### Information supplied
════════════════════
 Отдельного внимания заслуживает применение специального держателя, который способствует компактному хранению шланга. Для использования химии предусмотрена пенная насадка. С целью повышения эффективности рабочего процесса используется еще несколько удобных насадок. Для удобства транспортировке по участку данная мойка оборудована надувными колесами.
════════════════════
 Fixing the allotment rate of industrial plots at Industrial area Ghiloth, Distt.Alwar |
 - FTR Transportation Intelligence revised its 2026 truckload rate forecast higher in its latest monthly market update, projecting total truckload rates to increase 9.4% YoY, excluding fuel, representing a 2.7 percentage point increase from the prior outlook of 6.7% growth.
════════════════════
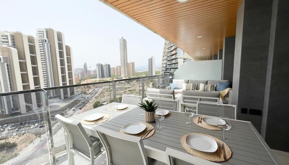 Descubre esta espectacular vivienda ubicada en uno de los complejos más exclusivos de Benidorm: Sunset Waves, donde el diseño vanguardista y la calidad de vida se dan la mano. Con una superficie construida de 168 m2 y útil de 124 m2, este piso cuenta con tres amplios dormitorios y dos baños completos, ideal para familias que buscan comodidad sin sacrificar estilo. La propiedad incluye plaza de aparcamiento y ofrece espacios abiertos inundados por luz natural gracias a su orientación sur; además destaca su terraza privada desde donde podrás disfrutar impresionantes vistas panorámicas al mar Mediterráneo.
════════════════════
### Required action
Among the lines above, count those containing the word "rate" and give nothing but the result.

### Your response
2